= Carl Dair =

Canadian graphic designer

Harris Carleton Dair (February 14, 1912 – September 28, 1967), known as Carl Dair, was a Canadian graphic designer, teacher, type designer, and author. Primarily a self-taught designer, Dair was internationally known and developed visual design principles for typography which are still in use today.

==Early life==
Dair was born in Crowland Township in Welland, Ontario, in 1912, to William Albert Dair and Bertha Minnie Dair (née White). Dair's first job as an 18-year-old was creating advertising and layouts for the Stratford Beacon-Herald.

==Career==
Dair formed a partnership with Henry Eveleigh and set-up the Dair-Eveleigh Studio from 1947-51 in Montréal, Quebec. He worked principally as a freelance designer on a variety of jobs from department store art director to the typographic director for the National Film Board of Canada (1945). Dair lectured on typography at the Ontario College of Art between 1959 and 1962, as well as teaching at the Jamaica School of Arts and Crafts for two years.

Dair published a book, Design with Type, in 1952; it was revised and republished in 1967. In it he described principals of design using primarily typefaces; in particular, he outlined visual principles of harmony and contrast codifying seven kinds of typographic contrast: size, weight, structure, form, texture, colour, and direction. "Contrast is the opposite of concord; it is based on a unity of differences." Design with Type became the first Canadian book to receive the Book of the Year Award from the American Institute of Graphic Arts (AIGA). It was republished by the University of Toronto Press (First Edition) in 2000.

In 1956 and 1957, after receiving the RSC fellowship, Dair studied type design and manufacture in the Netherlands. He studied metal type and hand-punching at Enschedé Foundry in Haarlem, Netherlands, where he created a silent film called Gravers and Files documenting the craft of punchcutter P. H. Radisch.

Dair's experiences at Enschedé prepared Dair for the creation of a typeface called Cartier, which was commissioned and released for Canada's 1967 centenary celebrations, to be an identifiable Canadian typeface. The original design was based on hand-lettering and had some weaknesses as a typeface, which were corrected by Rod McDonald for Monotype Imaging and released in 2000. Cartier is now widely used in Canada.

In 1959, Dair was awarded the silver medal at the Internationale Buchkunst-Austellung in Leipzig, East Germany.
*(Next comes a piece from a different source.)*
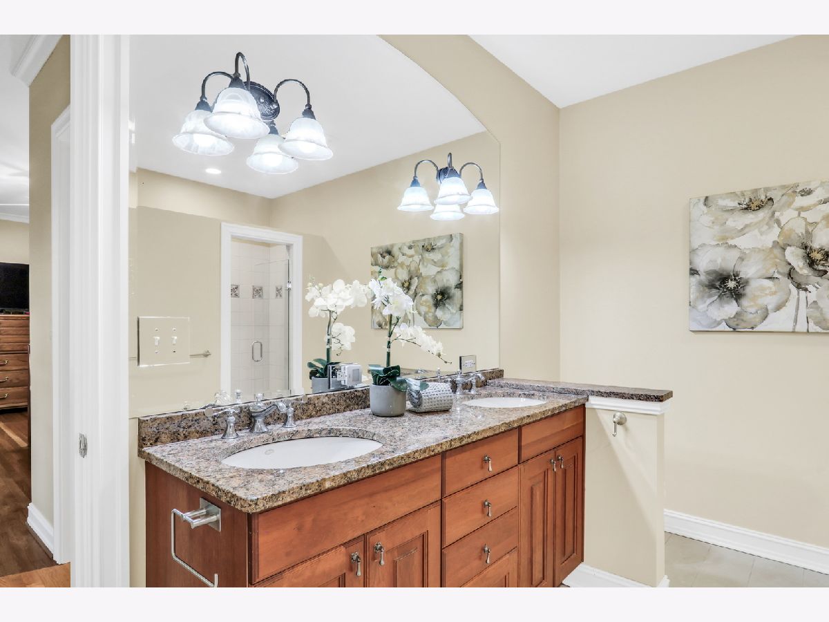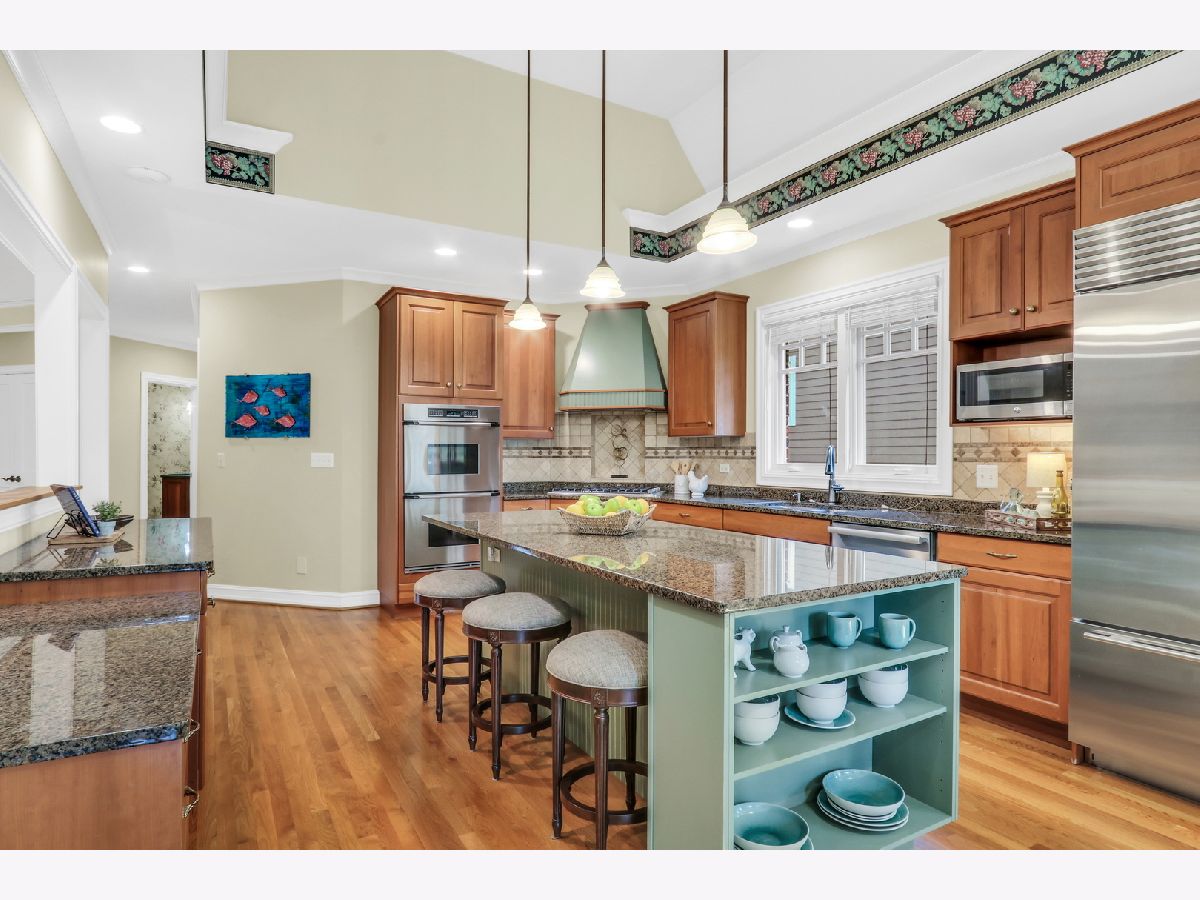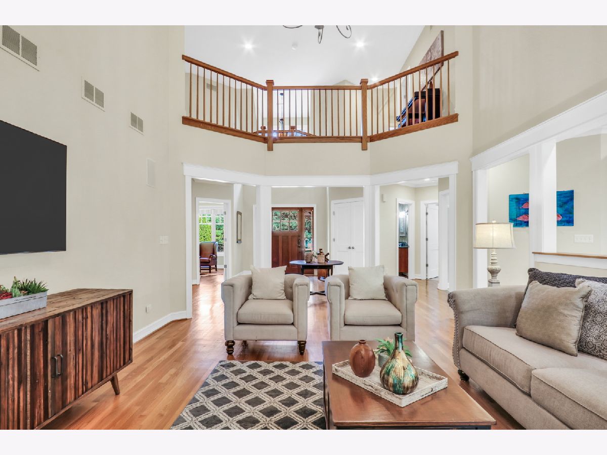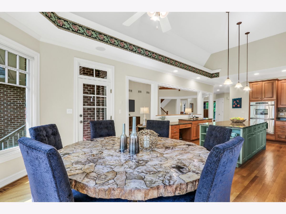 Welcome Home to this stunning, custom-built brick beauty in the highly sought-after Western Springs! Perfectly set on a picturesque lot framed by mature trees, this home blends timeless elegance with modern comfort. Step inside and be greeted by a thoughtfully designed open floor plan, bathed in natural light and anchored by lush hardwood floors that flow seamlessly throughout the main level. Just off the foyer, a spacious study with an oversized window and elegant tray ceiling offers the perfect spot for working from home or curling up with a good book. The inviting family room boasts soaring volume ceilings, a cozy fireplace with a charming mantel, and dual doors that open to your private outdoor retreat. Enjoy morning coffee or evening wine on the covered deck-perfect for year-round relaxation-or head down to the beautiful lower stone patio, ideal for dining al fresco under the stars. The formal dining room glows with sunlight and is adorned with a striking light fixture, setting the stage for unforgettable gatherings. The kitchen is truly a chef's dream, featuring abundant cabinetry, a massive center island with seating and stylish accent paint, gleaming granite countertops, top-of-the-line stainless steel appliances-including a double oven, microwave, and garbage disposal-plus a convenient tech station, and volume ceilings. The sun-filled breakfast area, surrounded by windows, creates the perfect place to start your day. Ceiling fans in the kitchen and all bedrooms keep comfort in check year-round, while the dual-zoned central air conditioning and heating system ensures efficient climate control. The main floor also features a luxurious Primary Suite-your own private oasis-complete with a spa-like bath offering a deep soaking tub, standalone shower, and dual sink vanity. You'll also find a stylish half bath and a functional main-floor laundry room, plus the added convenience of a laundry chute from the second floor. Upstairs, there are three spacious bedrooms-two with brand-new carpet and one with hardwood flooring-along with a beautifully appointed full bath. The expansive basement offers endless possibilities, already equipped with rough plumbing for a bathroom with a shower and a drain for a bar area-ready for your dream entertainment space. A central vacuum system, central humidifier, battery backup sump pump, and garage door opener add everyday convenience, while thoughtful details like hardwood and carpeted bedroom options elevate the home's comfort. With its perfect blend of style, practicality, and high-end features, this Western Springs gem is move-in ready and waiting to welcome you home!

In 1962, The Royal Canadian Academy of Arts awarded him its Arts Medal. In 1967, he became a fellow in the Society of Graphic Designers of Canada (GDC).

Dair died on a flight from New York City to Toronto on September 28, 1967. The Faculty of Fine Arts at York University honors Dair's contribution to design in Canada with the Carl Dair Memorial Scholarship. A collection of Dair's work can be seen on the Centre for Contemporary Canadian Art website.

==Typefaces==
Typefaces Designed by Carl Dair:
- Cartier (1967, Mono Lino)
  - Raleigh a 1977 revival of Cartier by Robert Norton, available as digital type from URW++, ParaType, Bitstream Systems, Adobe Systems, Linotype, and Monotype.
  - Cartier Book (2000, Monotype) another revival by Rod McDonald.

==Publications==
- Dair, C. Design with type. Toronto: University of Toronto Press, (1952; 2nd ed 1967)
- A Typographic Quest, 6 pamphlets published by Westvaco Papers in the 1960s
- Dair, C. (Director). (1957). Gravers and Files [Film].